Donald Trump lost to President Joe Biden in 2020.
But count Greitens among those clinging to claims of widespread fraud and unwilling to accept the outcome. And in many ways, that’s what’s fueling his U.S. Senate campaign.
Largely shunned by his party’s establishment, which helped run him out of office in 2018, Greitens has adopted the grievances of the former president and made them his overarching campaign message.
To be sure, every candidate running or contemplating a run for Senate in Missouri is courting Trump and the voters who twice delivered him double-digit wins in the Show-Me State.
Attorney General Eric Schmitt joined unsuccessful lawsuits trying to overturn the 2020 election. Lawyer Mark McCloskey has adopted the pseudo-populist rhetoric of the Trump campaign. Rep. Vicky Hartzler’s campaign kickoff was an homage to the Trump presidency.
But since re-emerging on the Missouri political scene in early 2020, Greitens has crafted his public persona around the idea that he was the victim of a political witch hunt — and that he has been fully exonerated in the years since leaving office.
He has surrounded himself and his campaign almost exclusively with former Trump aides. And he confines media appearances mostly to pro-Trump, right-wing media, where he touts debunked election fraud conspiracies.
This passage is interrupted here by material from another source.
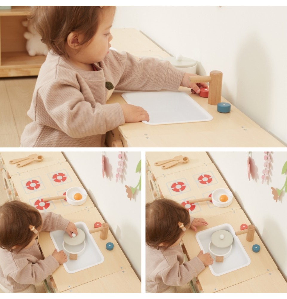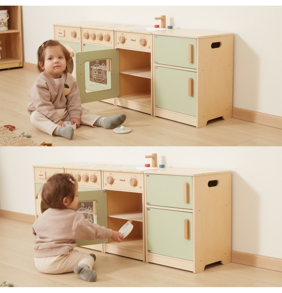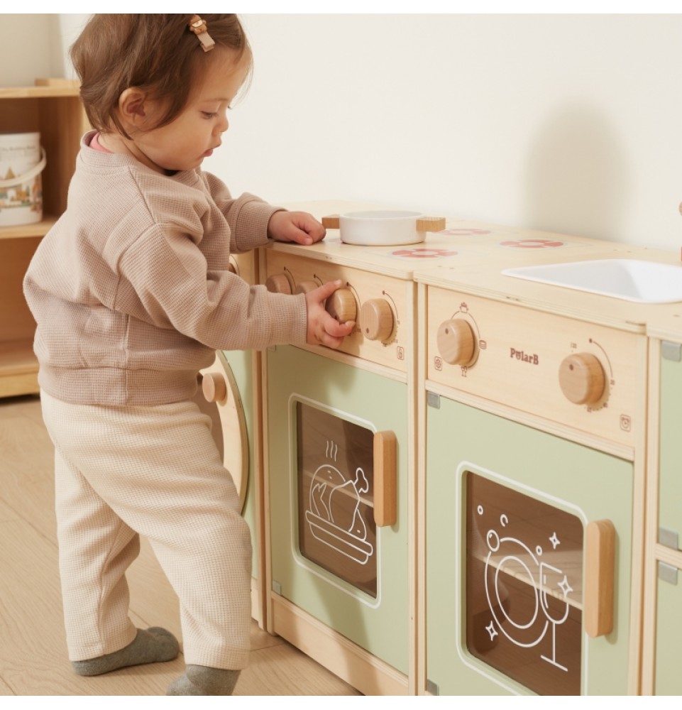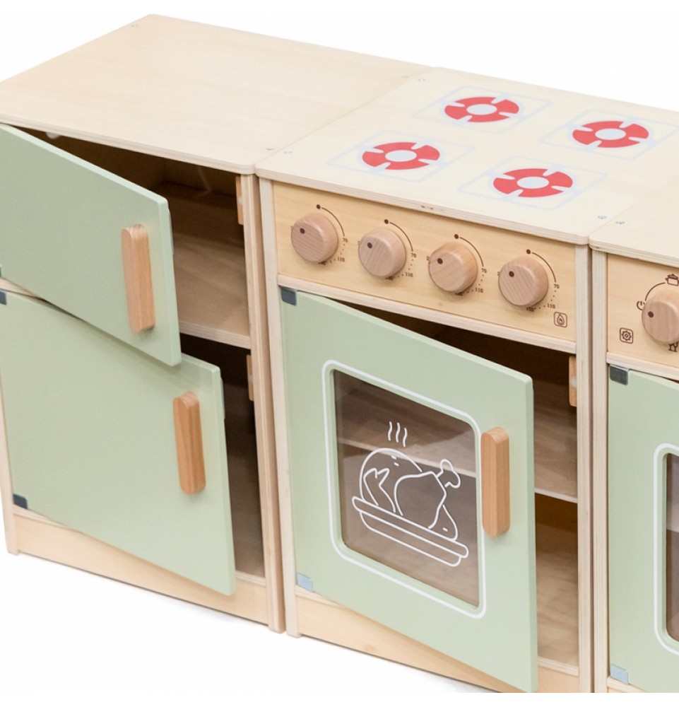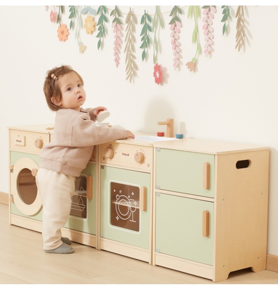 Šis didelis medinis „Viga“ virtuvės komplektas mažyliams yra specialiai sukurtas rinkinys, kuris suteiks jūsų vaikui nepamirštamų žaidimo akimirkų! Rinkinį sudaro šaldytuvas, viryklė su orkaite, kriauklė, indaplovė ir skalbimo mašina. Storos rankenos leidžia lengvai atidaryti ir uždaryti dureles, o visos rankenėlės pasukus skleidžia spragtelėjimo garsą . Gražios pastelinės spalvos traukia vaikų dėmesį ir kartu yra žavinga kambario puošmena. Komplektas yra visiškai saugus mažiems vaikams, be aštrių briaunų ar kampų. Ši žaislinė virtuvė yra kūrybinio žaidimo centras , lavinantis vaizduotę, bendradarbiavimo įgūdžius ir motorinius įgūdžius. Mažyliai gali atkurti suaugusiųjų gyvenimo scenas, ruošti maistą artimiesiems ir lavinti savarankiškumą. Tai puikus būdas interaktyviai mokyti vaikus apie maistą, maisto gaminimą, skaičiavimą, spalvas ir formas. Be to, šis žaislas gali augti kartu su jūsų vaiku, o įvairūs priedai suteikia daugiau linksmybių!

His continued popularity with the party’s base has GOP leaders worried he could win a primary and then lose the seat to a Democrat thanks to the litany of scandals that originally derailed his career — charges of violent sexual misconduct and blackmail; accusations that he stole from a veteran’s charity; claims of dark-money fueled corruption; and reports that the Navy refused his return to service until Vice President Mike Pence’s office intervened.
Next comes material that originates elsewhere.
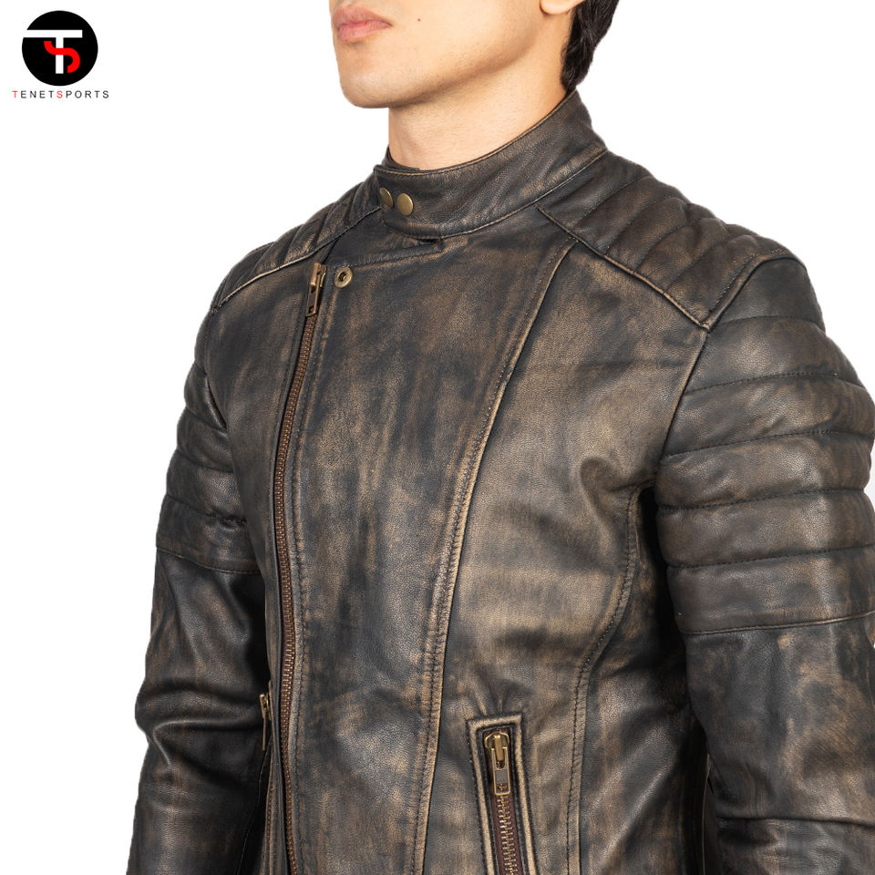 Veste de mode élégante et moderne pour hommes, col montant imprimé sur mesure avec traitement enduit, cuir original pour jeunes garçons

But while the other contenders touted their Trump bonafides to the party faithful in Missouri this weekend, Greitens was with the Trump bitter enders in Arizona.
For weeks, a private cybersecurity company from Florida with no experience in auditing elections has been re-counting the ballots in Arizona’s largest county at the behest of the state’s Republican senators.
The shambolic exercise has included inspecting ballots for traces of bamboo to determine if they were imported from Asia and reportedly scanning them with UV lights to look for secret watermarks.
Democratic and Republican critics alike — including the GOP-run county board of supervisors and the Republican who is the chief county election officer — dismiss the effort as a dangerous exploitation of grievances that fueled the Jan. 6 insurrection in the U.S. Capitol.
The county already conducted a hand count of ballots, led by a multiparty audit board, which found no discrepancies. The board of supervisors hired independent firms to perform a forensic audit of voting equipment that found no irregularities.
But this new “audit” has become a cause célèbre among the former president’s most ardent supporters, with many making the pilgrimage to Arizona to see it first hand.
Among them is Greitens, who declared on Sunday that “patriots are getting to the bottom of what happened with this election.”
Meanwhile in Missouri, Greitens’ absence at Lincoln Days didn’t go unnoticed.
Michael Hafner, a veteran GOP political operative who briefly worked for Greitens in 2015and is now working for Hartzler, questioned the wisdom of Greitens’ decision.
“For someone who claims he is building a grassroots army to carry himself to a U.S. Senate victory,” Hafner said, “it’s quite an interesting tactic to snub the largest GOP grassroots event of 2021.”